To create a command binding for a given command model. First we just need the standard attached property definition, set up to call OnCommandInvalidated when the property changes:

    public static class CreateCommandBinding

    {

        public static readonly DependencyProperty CommandProperty

           = DependencyProperty.RegisterAttached("Command", typeof(CommandModel), typeof(CreateCommandBinding),

                new PropertyMetadata(new PropertyChangedCallback(OnCommandInvalidated)));

 

        public static CommandModel GetCommand(DependencyObject sender)

        {

            return (CommandModel)sender.GetValue(CommandProperty);

        }

 

        public static void SetCommand(DependencyObject sender, CommandModel command)

        {

            sender.SetValue(CommandProperty, command);

        }

 And, OnCommandInvalidated will set up the binding when the command is changed.

        private static void OnCommandInvalidated(DependencyObject dependencyObject, DependencyPropertyChangedEventArgs e)

        {

            // Clear the exisiting bindings on the element we are attached to.

            UIElement element = (UIElement)dependencyObject;

            element.CommandBindings.Clear();

 

            // If we're given a command model, set up a binding

            CommandModel commandModel = e.NewValue as CommandModel;

            if (commandModel != null)

            {

                element.CommandBindings.Add(new CommandBinding(commandModel.Command, commandModel.OnExecute, commandModel.OnQueryEnabled));

            }

 

            // Suggest to WPF to refresh commands

            CommandManager.InvalidateRequerySuggested();

        }

 Note: I was a little lazy implementing the clearing code. You can't have multiple bindings on element you put this on. A more general implementation would be to clear the specific binding for e.OldValue.

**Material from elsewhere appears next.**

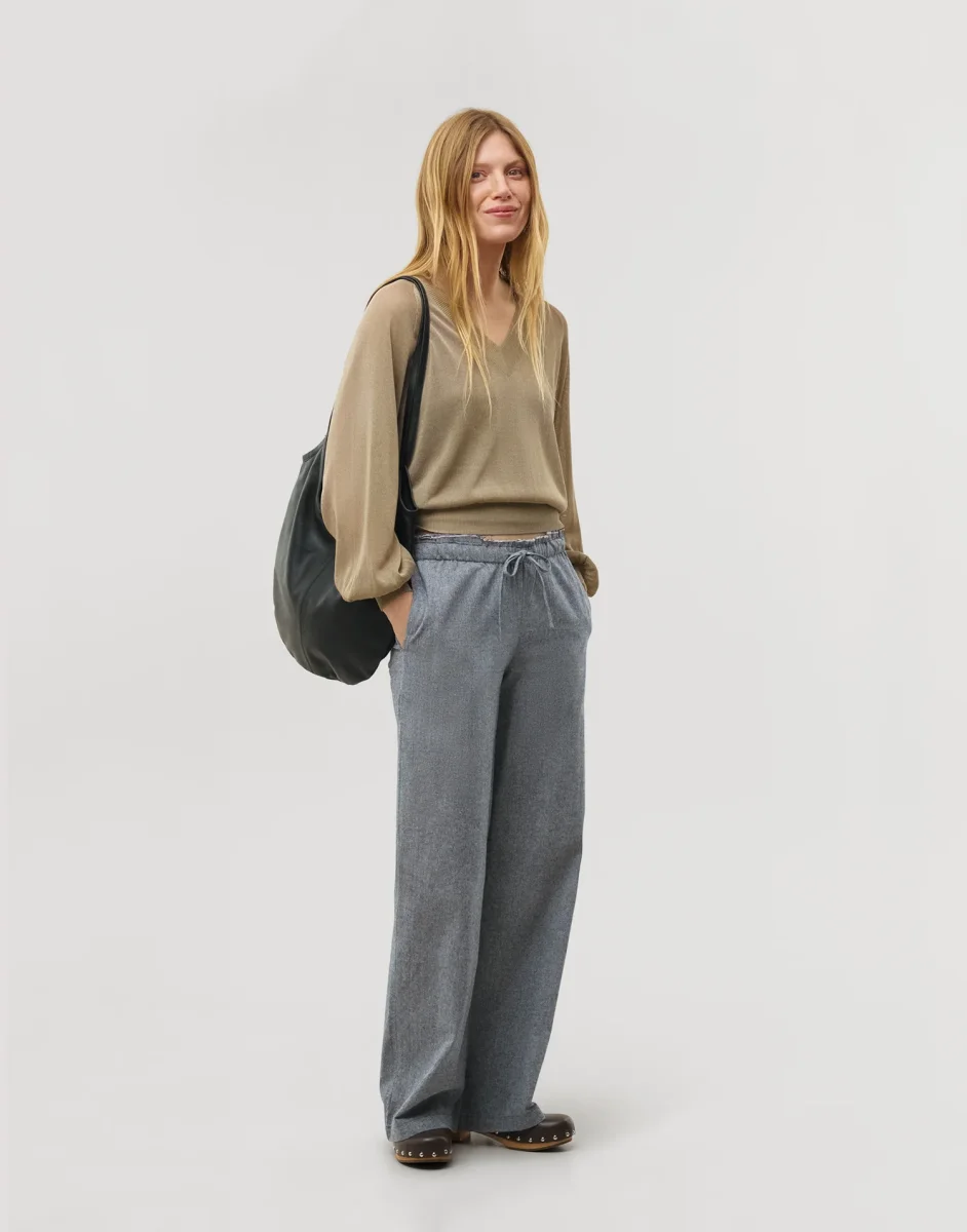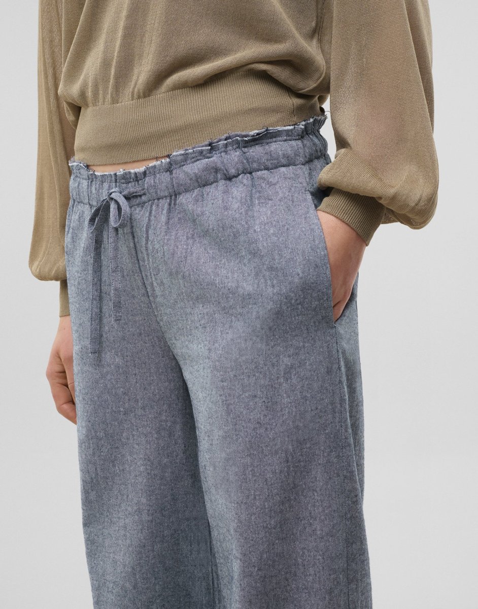 Pantalón confeccionado en algodón 100%. Tiro bajo y cintura elástica ajustable con cordones. Bolsillos laterales y bolsillos de plastrón en espalda.

 Putting it together, the Xaml for the window now looks like:

<Window x:Class="CommandDemo.Window1"

    xmlns="http://schemas.microsoft.com/winfx/2006/xaml/presentation"

    xmlns:x="http://schemas.microsoft.com/winfx/2006/xaml"

    xmlns:local="clr-namespace:CommandDemo"

    Title="CommandDemo" Height="300" Width="300"

    DataContext="{Binding RelativeSource={RelativeSource Self}}"

    >

    <StackPanel>

      <TextBox Name="_textBox"/>

      <Button Name="_button"

              local:CreateCommandBinding.Command="{Binding MyCommand}"

              Command="{Binding MyCommand.Command}"

              CommandParameter="{Binding Text, ElementName=_textBox}">

        Do something

      </Button>

    </StackPanel>

</Window>

 The only difference is the CreateCommandBinding property. And, the code behind looks like:

    public partial class Window1 : Window

    {

        public Window1()

        {

            InitializeComponent();

        }

 

        public CommandModel MyCommand

        {

            get { return _myCommand; }

        }

 

        CommandModel _myCommand = new MyCommand();

    }

 So, we've extracted almost all of the behavior out of the Window's code behind. The command code is nicely encapsulated into a class with no coupling to the UI, so it can be easily reused and unit tested.

The way things are now, the window is setting itself as its DataContext and exposing the behavior of the windows through bindings via that DataContext. As a preview of what's coming next, we'll move that behavior out to a separate class (which I'm calling a ViewModel) and set the DataContext of the window to the view model instead of itself. We'll be left with no code behind (except InitializeComponent) and clean separation between the style and the behavior.